Nikkei spadł 0,7%, S&P/ASX 200 tracił 0,2%, Nifty 50 notowany był płasko, a Kospi zyskał 0,1%, z kolei indeksy z Chin traciły 0,4-1,0%. Sesja w Europie rozpoczęła się płasko, niemniej w kolejnych godzinach obserwowaliśmy cofnięcie. O poranku poznaliśmy dane instytutu IFO z Niemiec, które rozczarowały. Wszystkie składowe indeksu wypadły poniżej oczekiwań, przy czym dużym problemem jest utrzymująca się wysoka presja cenowa (choć i tak zredukowana patrząc na 2022 i początek 2023). Poza danymi IFO kalendarz na dziś był raczej pusty, przez co zmienność była ograniczona. Ostatecznie niemiecki DAX stracił 0,6%, francuski CAC40 zniżkował 0,37%, a hiszpański IBEX 35 przecenił się 0,4%. Na plus wyróżnił się jedynie londyński FTSE 100, który zyskał, 0,5%. Pozytywne nastroje przeważały także na Giełdzie Papierów Wartościowych, gdzie WIG20 dodał 0,61%. Niemniej pozostałe główne indeksy giełdowe z Europy odnotowały dziś spadki. Patrząc na sytuację techniczną na DE30 (kontrakt oparty o DAX na platformie xStation 5), notowania kontynuują spadki po tym jak w piątek na wykresie pojawiła się podażowa formacja świecowa spadającej gwiazdy. Wydaje się jednak, że obecne cofnięcie jest jedynie korektą i jest daleko, aby myśleć o zmianie trendu. Kluczowym wsparciem na ten moment jest strefa w rejonach 16550 pkt, która wynika ze szczytów z czerwca i lipca tego roku. Dopiero zejście ceny niż mogłoby doprowadzić do zmiany sentymentu na spadkowy. Niemniej po piątkowej, jak i dzisiejszej sesji nastroje są gorsze, a pogłębienie korekty spadkowej w ramach trendu wzrostowego jest możliwe.

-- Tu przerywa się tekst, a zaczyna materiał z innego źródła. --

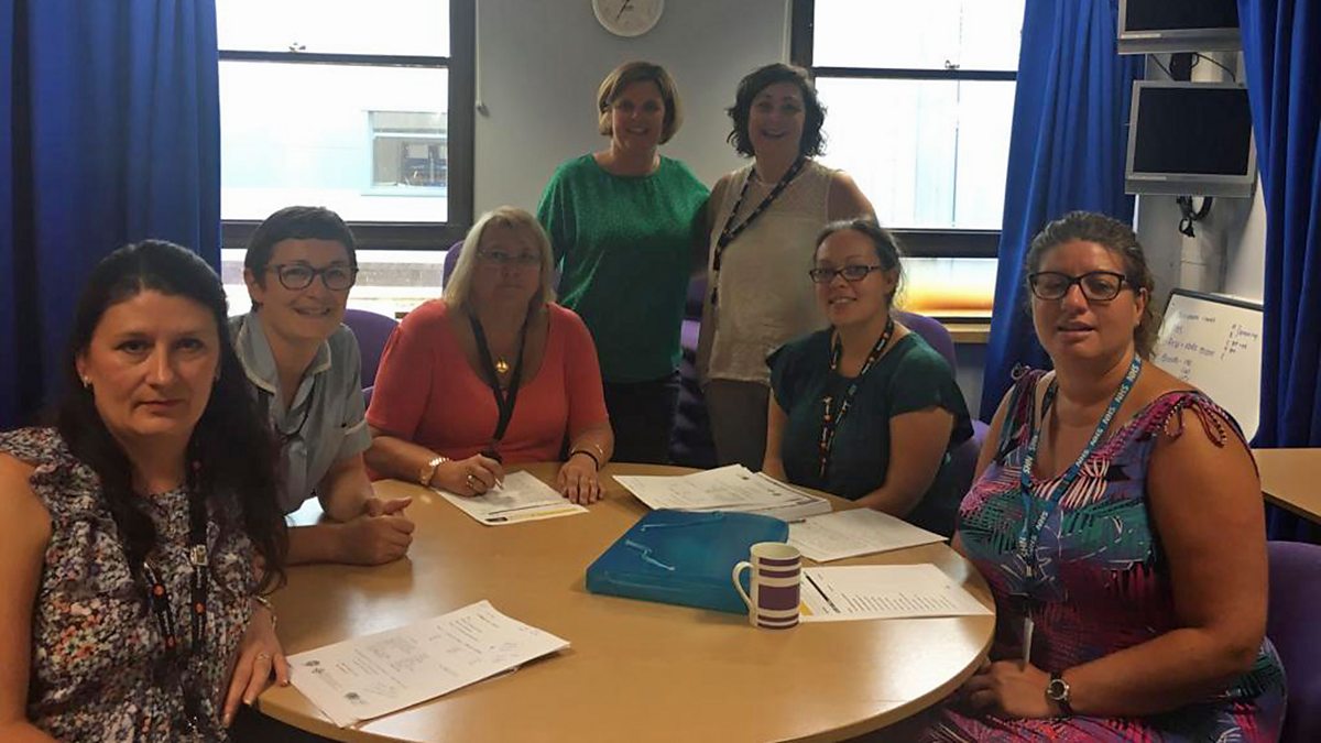 Nia Lloyd Jones sy'n sgwrsio gyda dysgwyr Cymraeg Ysbyty Gwynedd.

Kalendarz na popołudniową sesję był właściwie pusty, a jedyne dane, jakie poznaliśmy do te z rynku nieruchomości - indeks NAHB za grudzień. Wskaźnik NAHB wzrósł do 37 pkt. wobec 34 pkt. w poprzednim miesiącu, co było wynikiem lepszym od oczekiwań, które zakładały odczyt na poziomie 36 pkt. Niemniej dane z racji małej istotności zostały całkowicie pominięte przez rynek. W momencie przygotowania tego komentarza, czyli przed godziną 19:00 główne indeksy giełdowe z Wall Street notowane są na plusie. Najlepiej radzą sobie S&P500 i Nasdaq, gdzie wzrosty sięgają 0,5%. Nieco w tyle pozostaje Dow Jones, który zyskuje niecałe 0,1%, z kolei Russell 2000 zrzeszający spółki o małej kapitalizacji jest w rejonach piątkowego poziomu zamknięcia sesji (-0,05%). Zmienność jest stosunkowo niewielka, jednak tak jak wspomniałem wyżej, dziś nie pojawiły się żadne ważne dane, które mogłyby nadać kierunek na rynku. Sytuacja może się stać jednak ciekawsza w dalej części tygodnia, a to za sprawą decyzji banków centralnych sprawie poziomu stóp procentowych. W najbliższych dniach decyzje podejmą BoJ oraz CBRT, poznamy także zapiski z ostatniego posiedzenia RBA.